* [WHAT YOU SHOULD DO]
Give again, word for word, each line of the data from the first through the one containing "В сентябре 1965". Pictures stay out.

* [GIVEN INFORMATION]
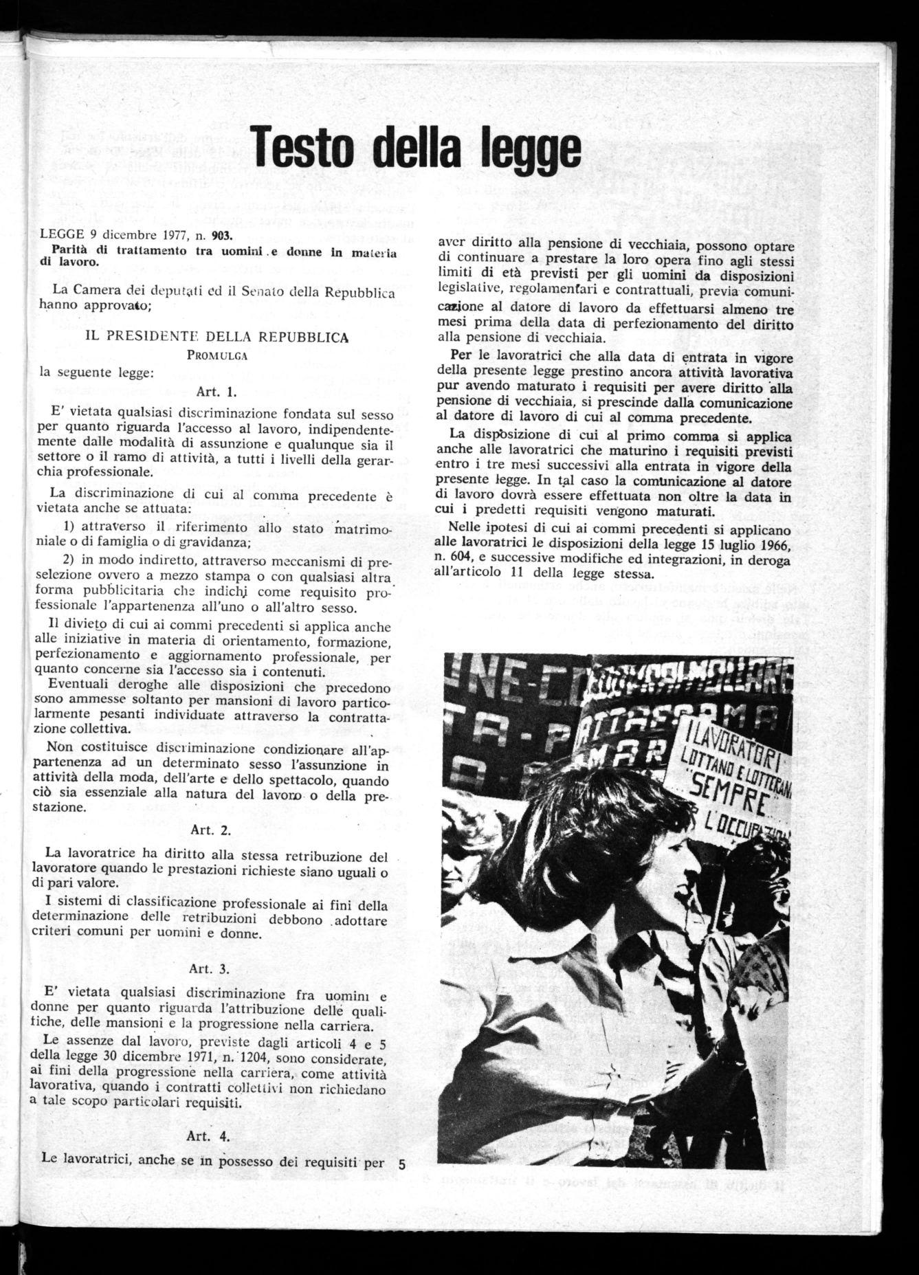 LEGGE 9 dicembre 1977, n. 903. Parità di trattamento tra uomini .e donne In materia di lavoro.
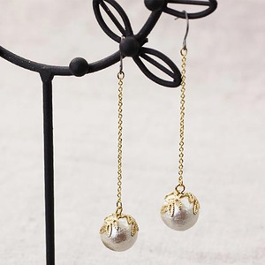 日本製のコットンパールロングピアス
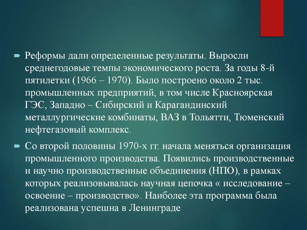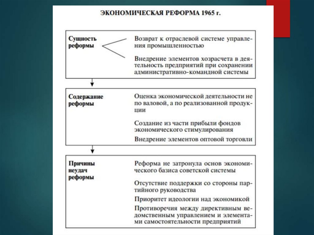 В сентябре 1965 года началась реформа в промышленности,пытающаяся соединить совершенствование хозяйственного
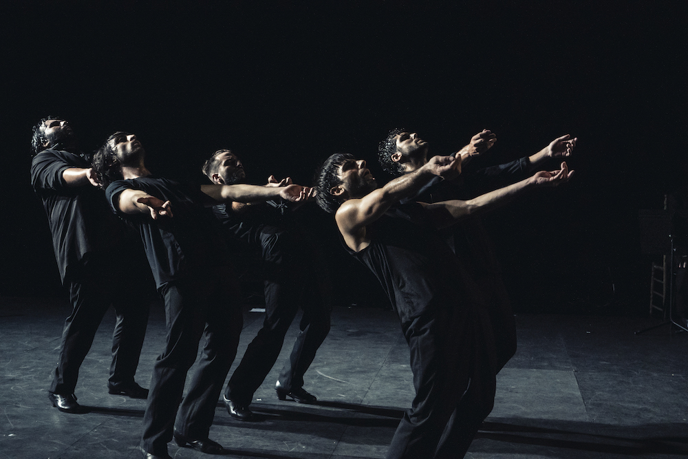 La compagnie d’Estévez et Paños propose un panorama historique du flamenco qui prend ses sources dans les danses anciennes et s’étend jusqu’à la période actuelle. Du flamenco masculin, devrait-on dire, la parité n’ayant pas ici été vraiment recherchée. La playlist musicale et chorégraphique fait se succéder sans interruption palos de base – seguiriyas, soleá, caña, polo, fandangos – et références folkloriques – aurresku, zarabanda, vedenza. Le projet est a priori des plus passionnants, qui relève de l’ethno-chorégraphie. Artistiquement parlant, la réalisation présente selon nous quelques faiblesses qui pourraient être corrigées en restreignant le corpus, clarifiant la structure et limitant la durée de la démonstration.

* [RESPONSE TO THIS EXERCISE]
 LEGGE 9 dicembre 1977, n. 903. Parità di trattamento tra uomini .e donne In materia di lavoro.
 日本製のコットンパールロングピアス
 В сентябре 1965 года началась реформа в промышленности,пытающаяся соединить совершенствование хозяйственного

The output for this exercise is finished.